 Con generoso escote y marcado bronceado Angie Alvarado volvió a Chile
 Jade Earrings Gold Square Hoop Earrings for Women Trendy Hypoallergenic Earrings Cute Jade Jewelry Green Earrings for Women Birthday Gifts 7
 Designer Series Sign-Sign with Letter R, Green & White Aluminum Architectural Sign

--

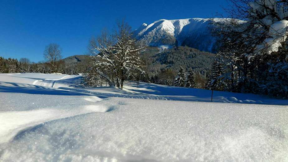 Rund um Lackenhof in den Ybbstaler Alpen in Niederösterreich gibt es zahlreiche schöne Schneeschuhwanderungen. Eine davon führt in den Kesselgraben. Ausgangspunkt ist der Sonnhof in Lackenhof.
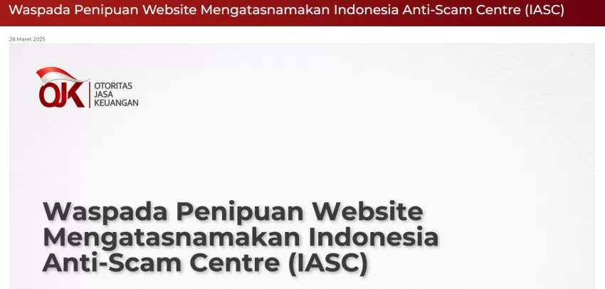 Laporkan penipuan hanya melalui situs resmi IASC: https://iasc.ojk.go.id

The task
State how many lines in the records above contain the word "Green". Give nothing but the number.

Exercise answer
2